The DVD release includes some deleted scenes:
- Flashbacks 1 and 2: Two scenes with Graham's wife, Colleen. In the first, she sits with a toddler Morgan and baby Bo in a rocking chair while Graham watches. In the second, she dances with him. She hums the same tune in both scenes.
- The dead bird: With no sound, this scene shows Graham going back home from Ray's, and after a short time, a dead bird near the road (after supposedly hitting an invisible forcefield) is shown.

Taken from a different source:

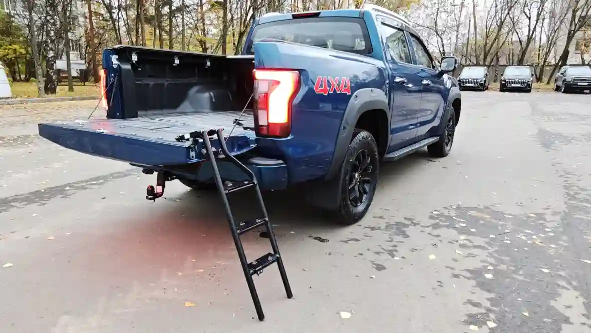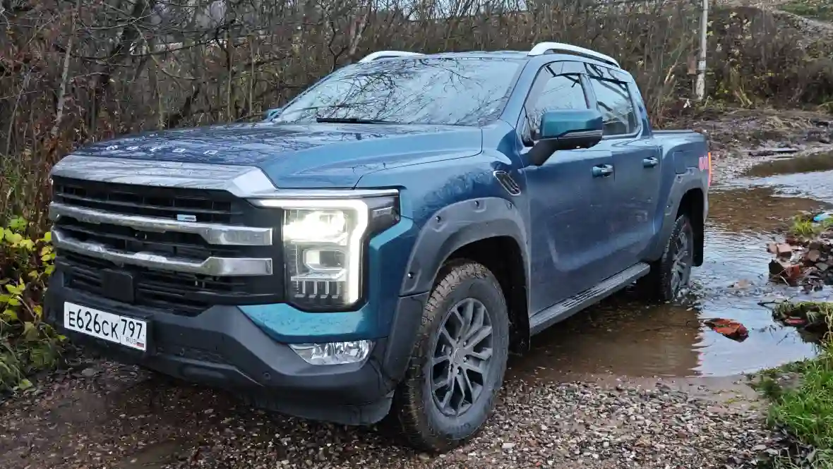 Клиренс 210 мм (по задним амортизаторам), углы въезда/съезда 28°/26°, глубина брода 700 мм, жёстко подключаемый 4WD BorgWarner, понижайка 2,48:1 и 100 % блокировка заднего дифференциала Eaton. Добавьте к этому 18-дюймовые AT-шины и специальные внедорожные режимы, которые реально меняют характер машины, — и получаете пикап, который уверенно ползёт по грязи, песку и камням, вытаскивает себя лебёдкой (если поставите) и спокойно тянет прицеп до 750 кг без тормозной системы по грунтовке. Он не заменит подготовленный Defender или Hilux с лифтом, но для охоты, рыбалки, стройки и обычного «заехать куда все боятся» — более чем достаточно. Главное — загрузить кузов хотя бы 200–300 кг, иначе жёсткие рессоры будут подпрыгивать на пустой машине.

- The attic door and the third story: The longest deleted scene, it starts with Merrill finding out about the not-boarded attic door. Despite Graham's efforts to call him back, Merrill goes up the stairs and manages to hold the door by climbing up a chair and putting his hands at the door. Trying to help, Graham looks for a way to hold the door. He gets a tall shelf and places it under the door. Knowing this is only a temporary solution, Graham gets his family and takes them to the kitchen and puts some chairs at the door to hold the aliens out of the room. There, he tells the "third story", about Merrill, in which he dislocated his arm. While Graham is telling the story, the shelf is destroyed from the attic door slamming on top of it repeatedly and the aliens gain access to the house. Everyone goes down to the basement, the only safe room available, as the aliens begin forcing the kitchen door open.

In addition to being a THX certified release, the DVD also featured a documentary and storyboards. It was the second top DVD video rental in the United States during the first quarter of 2003, earning in US DVD rental revenue by March 2003.